#### YOUR TASK:
Write out each record exactly as it stands. No pictures belong in the copy.

Collection entries
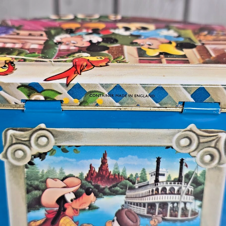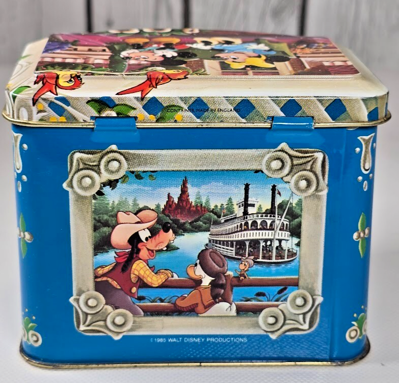 Disney World Candy Jar Tin 1985 England Mickey Minnie Goofy Vintage Collectible
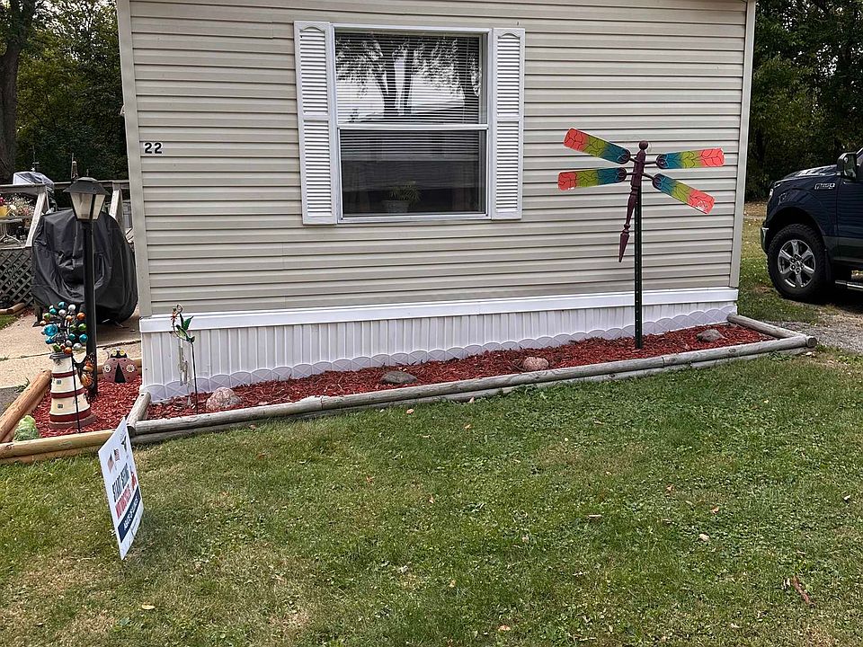 This is a well-maintained mobile home. Walk into the open concept with vaulted ceilings. The living room is spacious with outdoor cross winds to keep you naturally comfortable. There is an eat in kitchen. Down the hall to the bathroom is a laundry area. The master bedroom hosts a lighted walk-in closet with a master bath. It's a Schult measuring 72' x 16' with the 2 bedroom, 2 bath split unit. Relax on the 12' x 10' deck. Updates include 2025 - awning, kitchen faucet, back steps, 2024 - A/C capacitor, roof, ceiling painted, laminate, carpet, ceiling lights, floor registers, 2023 - furnace blower motor, fan hood, 2020 - furnace coupler, and much more. Hall bath is updated. Lot rent is $330.00 a month and $10.00 each additional person. Buyers must be approved by Knollwood Estates Mobile Home Park Managment.
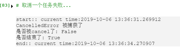 print('是否被cancel了:', task.cancelled()) # True,可以看出因为超时,task会被cancel
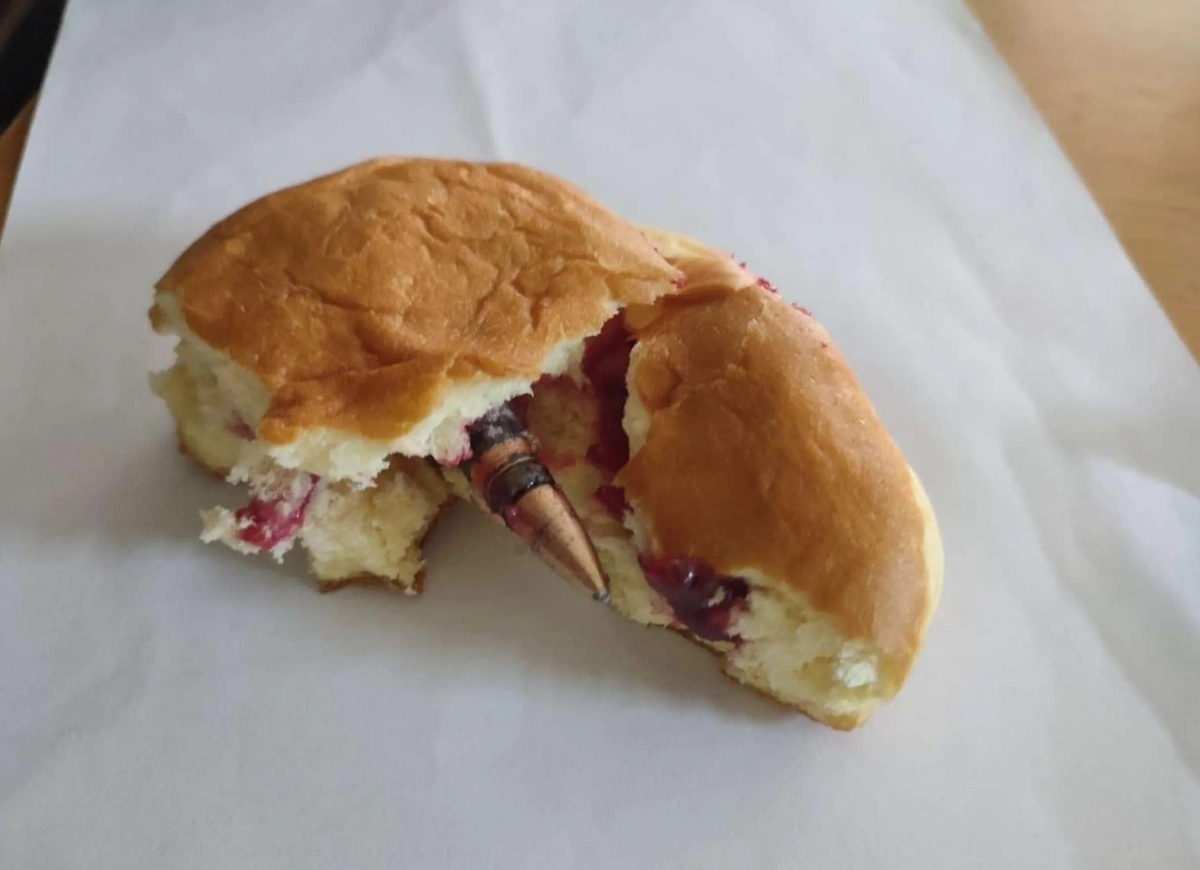 Мэр Ивано-Франковска Руслан Марцинкив поделился у себя в соцсетях снимком пончика, в котором нашли патрон. Он отметил, что фото прислали жители, однако усомнился в подлинности снаряда. Глава города добавил, что производитель не из местных, однако «замылил» на фото упаковку, поэтому происхождение «боевого десерта» остаётся в секрете.
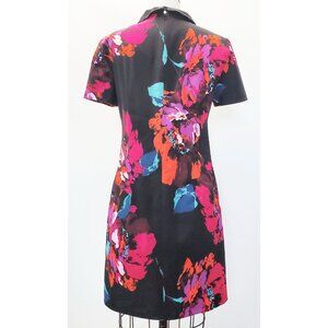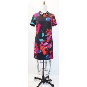 Trina Turk Womens Black Bright Floral Print Jeweled Collar Shift Dress 10
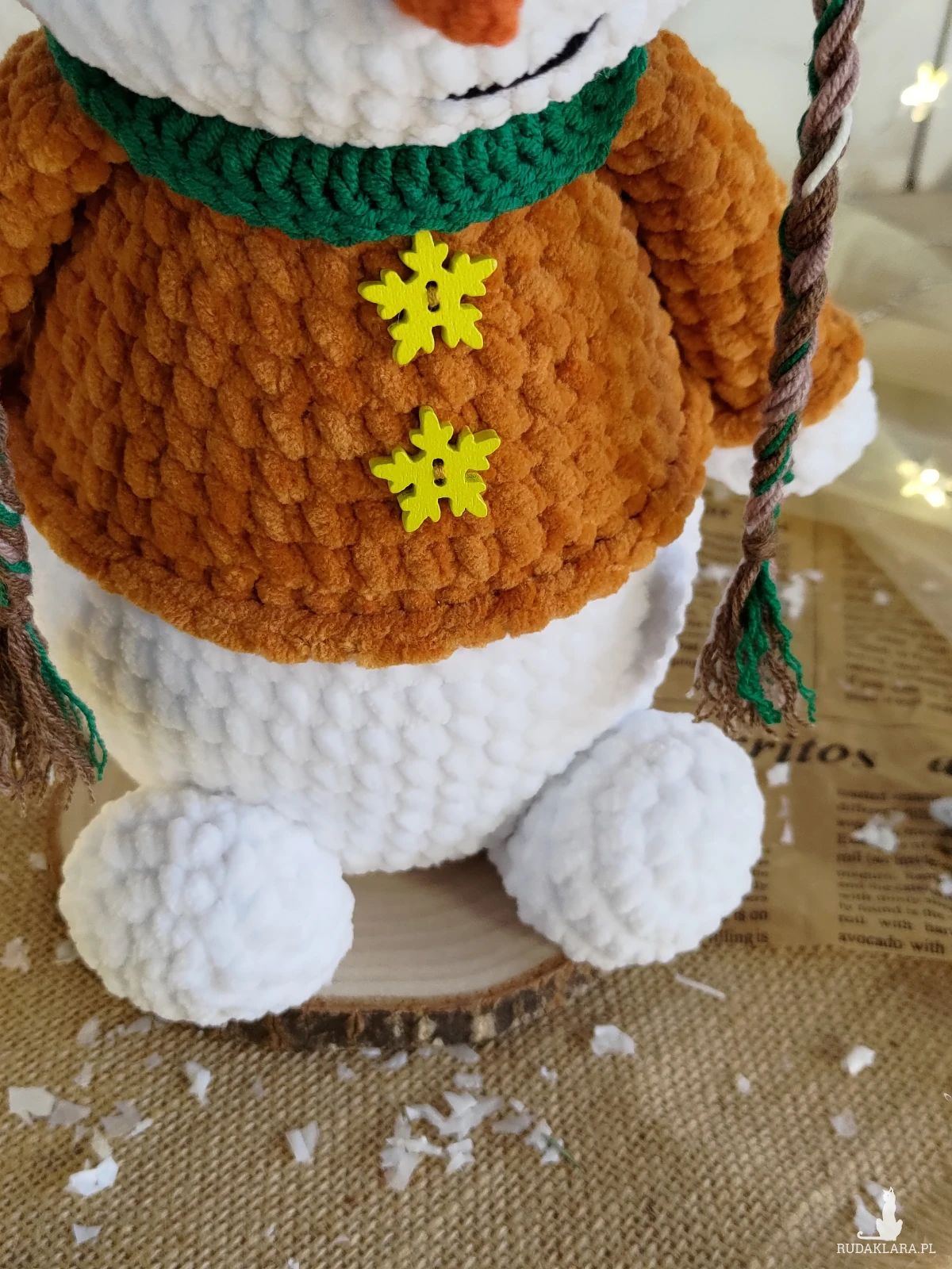 • Bałwanek jest ubrany w sweterek (niezdejmowany) ceglasto-pomarańczowy z żółtymi drewnianymi guzikami w kolorze żółtym. Na szyje ma szalik zielony z włóczki półbawełnianej.

#### WRITTEN RESPONSE:
 Disney World Candy Jar Tin 1985 England Mickey Minnie Goofy Vintage Collectible
 This is a well-maintained mobile home. Walk into the open concept with vaulted ceilings. The living room is spacious with outdoor cross winds to keep you naturally comfortable. There is an eat in kitchen. Down the hall to the bathroom is a laundry area. The master bedroom hosts a lighted walk-in closet with a master bath. It's a Schult measuring 72' x 16' with the 2 bedroom, 2 bath split unit. Relax on the 12' x 10' deck. Updates include 2025 - awning, kitchen faucet, back steps, 2024 - A/C capacitor, roof, ceiling painted, laminate, carpet, ceiling lights, floor registers, 2023 - furnace blower motor, fan hood, 2020 - furnace coupler, and much more. Hall bath is updated. Lot rent is $330.00 a month and $10.00 each additional person. Buyers must be approved by Knollwood Estates Mobile Home Park Managment.
 print('是否被cancel了:', task.cancelled()) # True,可以看出因为超时,task会被cancel
 Мэр Ивано-Франковска Руслан Марцинкив поделился у себя в соцсетях снимком пончика, в котором нашли патрон. Он отметил, что фото прислали жители, однако усомнился в подлинности снаряда. Глава города добавил, что производитель не из местных, однако «замылил» на фото упаковку, поэтому происхождение «боевого десерта» остаётся в секрете.
 Trina Turk Womens Black Bright Floral Print Jeweled Collar Shift Dress 10
 • Bałwanek jest ubrany w sweterek (niezdejmowany) ceglasto-pomarańczowy z żółtymi drewnianymi guzikami w kolorze żółtym. Na szyje ma szalik zielony z włóczki półbawełnianej.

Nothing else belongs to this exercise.